Во время одного из пиров Гефестиону стало плохо, и он срочно удалился в свои покои. На следующий день состояние его здоровья ухудшилось. Все свободное время Александр проводил рядом с другом. Он пригласил к Гефестиону самого известного лекаря в Экбатане, грека по имени Главкий. Жрецам было приказано принести жертвы, моля богов об исцелении/Александр заклинал богов не отнимать у него друга.
На третий день Гефестиону стало совсем худо. Он пылал жаром и постоянно просил пить.
– Меня мучит жажда.
Гефестион потянулся за кратером с вином, но Александр не дал ему осушить кратер.
– Тебе нельзя пить вина. Нам предстоит много дел. Впереди Аравия. Я хочу, чтобы ты построил в Аравии новый город.

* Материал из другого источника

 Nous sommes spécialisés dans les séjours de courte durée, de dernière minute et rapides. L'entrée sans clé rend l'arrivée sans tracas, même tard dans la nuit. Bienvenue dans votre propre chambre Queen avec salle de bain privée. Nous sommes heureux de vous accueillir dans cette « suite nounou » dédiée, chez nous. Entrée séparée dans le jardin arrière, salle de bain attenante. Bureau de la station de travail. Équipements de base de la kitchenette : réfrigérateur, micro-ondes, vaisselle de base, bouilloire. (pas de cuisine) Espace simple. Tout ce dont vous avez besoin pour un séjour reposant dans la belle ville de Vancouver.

Но Гефестион впервые не слушал его.
В тот вечер устраивался пир в честь актеров, получивших призы за исполнение ролей в комедиях и фарсах. Александр вышел, чтобы проведать Гефестиона, вернувшись, он объявил, что тот спит и выглядит лучше.
Птолемей постарался успокоить царя:
– Гефестион сильный и выносливый, он выжил в аду Гидросийской пустыни, а уж с лихорадкой наверняка справится.

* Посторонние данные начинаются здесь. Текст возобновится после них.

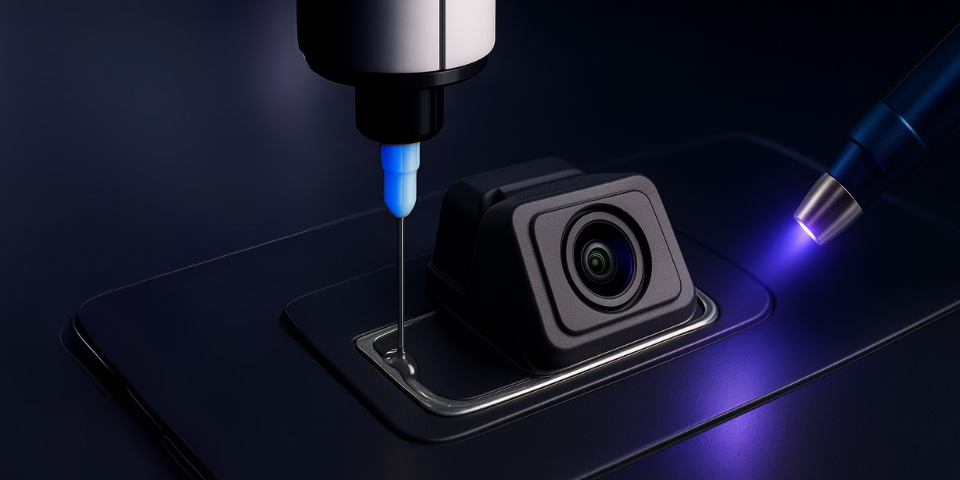 汽车制造中,UV光固化环氧胶用于粘接车灯、仪表盘、反射镜等部件。特别是在一些高要求的部件,如电子传感器或显示器的密封和防水保护,UV胶的优势尤为突出。

– Если это лихорадка… – невольно вырвалось у Александра.
Когда завершились состязания актеров, начались игры, которые царь особенно любил и подготовкой которых всегда тщательно руководил сам. Александр любил лично награждать победителей венками, за что пользовался уважением среди воинов.
В один из дней спортивных состязаний царь аплодировал юным бегунам. Место Гефестиона рядом с ним пустовало. Царь позволил себе присутствовать на соревнованиях, так как накануне другу стало лучше. Александр застал друга спящим. Дыхание его было легким, жар отступил, и царь подумал, что смерть на этот раз прошла мимо. Приказав Главкию не отходить от Гефестиона, Александр в сопровождении свиты отправился на состязания.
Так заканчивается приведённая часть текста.